To give you an example, the windows came one month late (which in fairness I can live with in the grand scheme of things), however they didnt deliver my external doors, when I asked they said there was an issue on loading the front door,  grand so when will I get the doors ? they said in 3 weeks. Ok 3 weeks isnt so bad but it turned out to be 2 months. When the doors did arrive  there was an issue with the garage door being too  big (it took two different doors before they fitted the correct garage door). My front door is bright orange even though I ordered a dark oak color !!! That turned out to be the least of my problems, the front door (which is made from timber) has warped and its only installed for the last 5 weeks !!!! So now the frame and door have to be replaced.
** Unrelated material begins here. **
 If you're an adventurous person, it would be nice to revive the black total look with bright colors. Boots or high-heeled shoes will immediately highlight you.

Theres more but I'll stop there. As said previous the quality of the windows are good and we are happy with them but the service leaves a lot to be desired. My only consolation is that I still owe them half the money, which if you happen to deal with them do not pay the full amount until you are certain everything is in order.


----------



## echristie (7 Feb 2009)

my experience exactly. pure torture. and a never-ending saga


----------



## madbuilder (24 Feb 2009)

Anybody else come across these guy's? good, bad experiences?


----------



## sman (24 Feb 2009)

i was thinking of buying from them but will not now. Got great quote with upgrade to triple glazing thrown in for free. but could not get in touch with them to arrange a viewing in their showroom. Tried mobile, landline and emails numerous times. Eventually got a call back a few weeks later. If this was how difficult they were with a potential customer, what would they be like if i had a problem?


----------



## seancuig (14 Apr 2009)

Interesting, I'm in exactly the same place.
Happy in the end with the actual windows, but in the start of legal rows over monies I owe due to the horrendeous service.
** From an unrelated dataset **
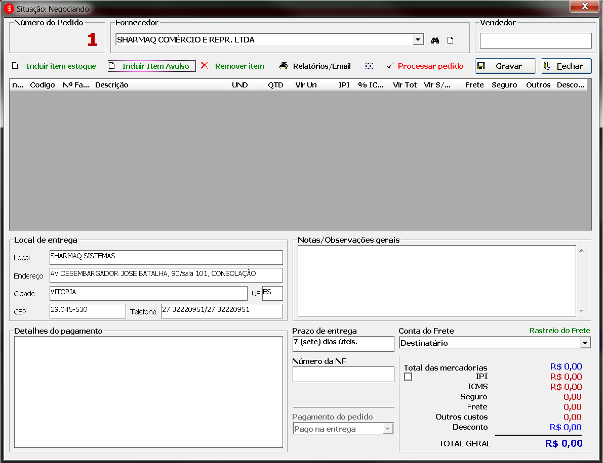 - Estar com o suporte e atualizações em dia com a SHARMAQ.

I won't go into all details, but to say they are disorganised and unprofessional is an understatement


----------



## madbuilder (8 Jun 2009)

Anybody else hear of these guy's?


----------



## Trilogy 1982 (7 Feb 2011)

I got windows from Croatian Spectrum about 12 months ago and found them great to deal with. The windows do take about 6-8 weeks to arrive but we were made aware of that prior to ordering.

As far as quality is concerned, they really are top notch and seem to be a far sturdier and solid window than other Irish manufactured ones, plus they were able to triple glaze a 3m bifold door and 3m slider which other Irish manufacturers were not.

Pricewise, we found them extremely competitive. Practically the same as a very large well known domestic manufacturer and a hell of a lot cheaper than some other European brands.

So overall, 1 year on I have to say we have no regrets in dealing with Croatian Spectrum. We went back to them for our radiators in October, which again seemed a fair bit cheaper than any other quotes I got. No problems that time either.


----------



## T McGibney (7 Feb 2011)

The last two posters have only joined AAM in recent days. Hence their recommendations (resurrecting a thread that was 16 months dormant) should be treated with caution, at least until and unless they build up a credible posting record here.


----------



## Trilogy 1982 (7 Feb 2011)

Look I'm only giving my opinion on a thread thats live today. I have no affiliation with the company only as a customer and I'm only giving my experience.


As far as being a new poster, we all have to start somewhere.


----------



## Sconhome (7 Feb 2011)

It would be nice if they put all the information regarding their windows, profiles, glazing, insulation properties, thermal bridge controls, and hardware on their website.
Not to mention any information re quality control, standards of manufacture or certification of compliance with any international standards.

If that information is available then an informed opinion can be given re the quality of this window over any other window.


----------



## madbuilder (17 Feb 2012)

Are these guy's gone bust?


----------



## lowCO2design (17 Feb 2012)

not worth dealing with imho, to slow, unhelpful and not up on current regulations and practices - you got to really be able to trust a company bringing in foreign windows and be sure of who is giving the guarantees.. i heard something about them moving and trading under a different name around the pale


----------